Strategic rationale - larger and more sustainable. ARC adds critical mass and now holds many of the key lowest cost Montney plays in Western Canada, with $110 million per year in targeted synergies also set to backstop larger FCF generation and future $700 million Attachie investment. The resulting entity also offers more flexible exposure to both commodities at 41% liquids; ARC is also now Canada's top condensate producer (78,000 bbl/d) -- a strategic position in our minds given continued strong oil sands demand.
Financial impact - FCF accretion in 2022E. The transaction accretes to our CFPS and FCF estimates - reflective of $110 million per year in anticipated synergies (which could be conservative). Synergies include corporate savings, marketing alignment, better leverage with service providers, and applicability of VII's tax pools. With a provisional BBB rating (DBRS) in hand, we also forecast the issuance of roughly $1B in new ARC notes at current market rates (2-3%) to replace Seven Generations' existing paper (5-7%), which should result in $30 - $50 million per year in savings.
The path forward - more levers to pull. While the near term focus remains on debt repayment and maintenance, we believe the company's enhanced FCF profile ($1B/year in 2022E on RBC deck) allows for more flexibility as it relates to future investment, bolt- ons, dividend increases and buybacks. A large owned/operated facility portfolio (Exhibit 3) also leaves the door open for optimizations - or potentially more creative infrastructure deals in the future.

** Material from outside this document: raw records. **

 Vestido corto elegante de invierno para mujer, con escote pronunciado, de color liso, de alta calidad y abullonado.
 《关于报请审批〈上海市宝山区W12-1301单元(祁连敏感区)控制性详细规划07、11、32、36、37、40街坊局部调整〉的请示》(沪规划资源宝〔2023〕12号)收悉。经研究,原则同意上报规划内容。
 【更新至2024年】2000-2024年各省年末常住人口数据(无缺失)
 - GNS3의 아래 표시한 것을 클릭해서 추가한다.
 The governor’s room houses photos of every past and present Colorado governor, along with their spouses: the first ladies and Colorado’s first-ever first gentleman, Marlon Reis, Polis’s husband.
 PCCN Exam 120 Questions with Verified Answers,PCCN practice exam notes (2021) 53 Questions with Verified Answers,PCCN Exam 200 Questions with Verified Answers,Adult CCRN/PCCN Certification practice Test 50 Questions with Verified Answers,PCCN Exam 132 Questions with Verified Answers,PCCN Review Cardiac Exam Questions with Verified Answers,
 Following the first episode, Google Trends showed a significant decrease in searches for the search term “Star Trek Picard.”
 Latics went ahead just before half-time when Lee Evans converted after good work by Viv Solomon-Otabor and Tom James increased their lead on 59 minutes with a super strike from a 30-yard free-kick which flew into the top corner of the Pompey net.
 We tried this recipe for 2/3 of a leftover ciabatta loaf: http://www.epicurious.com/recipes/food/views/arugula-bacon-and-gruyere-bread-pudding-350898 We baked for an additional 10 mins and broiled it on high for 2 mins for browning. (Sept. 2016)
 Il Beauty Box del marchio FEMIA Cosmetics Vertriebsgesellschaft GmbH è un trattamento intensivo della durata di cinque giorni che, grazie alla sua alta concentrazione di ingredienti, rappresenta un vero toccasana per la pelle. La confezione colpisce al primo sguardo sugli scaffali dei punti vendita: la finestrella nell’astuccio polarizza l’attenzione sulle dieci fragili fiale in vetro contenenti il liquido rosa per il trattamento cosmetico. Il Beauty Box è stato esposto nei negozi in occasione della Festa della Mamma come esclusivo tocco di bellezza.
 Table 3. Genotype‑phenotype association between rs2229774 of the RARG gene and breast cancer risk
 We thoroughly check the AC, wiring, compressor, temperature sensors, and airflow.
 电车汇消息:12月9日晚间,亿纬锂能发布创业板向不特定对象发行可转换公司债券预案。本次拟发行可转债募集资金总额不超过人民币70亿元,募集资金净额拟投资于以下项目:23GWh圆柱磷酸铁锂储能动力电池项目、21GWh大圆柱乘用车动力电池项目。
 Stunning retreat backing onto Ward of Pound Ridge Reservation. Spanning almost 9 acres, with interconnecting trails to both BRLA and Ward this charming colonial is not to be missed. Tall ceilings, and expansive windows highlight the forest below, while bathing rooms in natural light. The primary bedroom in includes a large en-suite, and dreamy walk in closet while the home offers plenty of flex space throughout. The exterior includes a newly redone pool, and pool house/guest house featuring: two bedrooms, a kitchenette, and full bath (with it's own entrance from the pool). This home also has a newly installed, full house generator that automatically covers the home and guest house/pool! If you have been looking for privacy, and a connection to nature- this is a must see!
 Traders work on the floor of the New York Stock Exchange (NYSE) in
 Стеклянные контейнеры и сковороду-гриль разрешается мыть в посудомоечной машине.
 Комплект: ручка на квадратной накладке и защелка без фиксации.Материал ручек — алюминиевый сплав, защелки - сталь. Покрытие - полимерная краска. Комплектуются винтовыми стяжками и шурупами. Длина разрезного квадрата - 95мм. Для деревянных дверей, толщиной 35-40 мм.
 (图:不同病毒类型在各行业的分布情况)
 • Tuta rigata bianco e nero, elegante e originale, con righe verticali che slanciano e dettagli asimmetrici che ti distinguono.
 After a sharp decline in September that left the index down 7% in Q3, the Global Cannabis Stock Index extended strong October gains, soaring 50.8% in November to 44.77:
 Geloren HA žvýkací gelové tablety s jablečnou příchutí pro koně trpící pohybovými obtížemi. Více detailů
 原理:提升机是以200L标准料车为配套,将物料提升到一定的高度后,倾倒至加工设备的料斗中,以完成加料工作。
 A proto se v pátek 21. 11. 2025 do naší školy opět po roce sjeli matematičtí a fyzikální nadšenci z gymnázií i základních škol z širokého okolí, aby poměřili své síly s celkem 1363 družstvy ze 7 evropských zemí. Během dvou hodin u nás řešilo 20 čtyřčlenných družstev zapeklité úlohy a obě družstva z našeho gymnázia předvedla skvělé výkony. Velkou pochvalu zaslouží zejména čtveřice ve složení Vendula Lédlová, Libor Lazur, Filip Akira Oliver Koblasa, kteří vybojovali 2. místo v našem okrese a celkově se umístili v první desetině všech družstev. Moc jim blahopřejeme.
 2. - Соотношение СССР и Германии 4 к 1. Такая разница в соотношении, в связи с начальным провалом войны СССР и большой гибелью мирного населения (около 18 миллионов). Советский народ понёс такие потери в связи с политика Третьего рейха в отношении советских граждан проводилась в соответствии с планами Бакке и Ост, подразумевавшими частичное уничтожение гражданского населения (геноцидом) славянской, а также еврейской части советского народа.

Attractive valuation, multiple likely to expand. ARX trades amongst the most attractive multiples in the group - currently 2.5x EV/DACF (2022E) vs peers at 3.5x EV/DACF at the RBC price deck. Our expectation and target multiple are reflective of our view that (1) the combined entity should be able to achieve synergies and better organic metrics; and (2) a larger potential investor base - and more investible entity - will help to drive multiple expansion.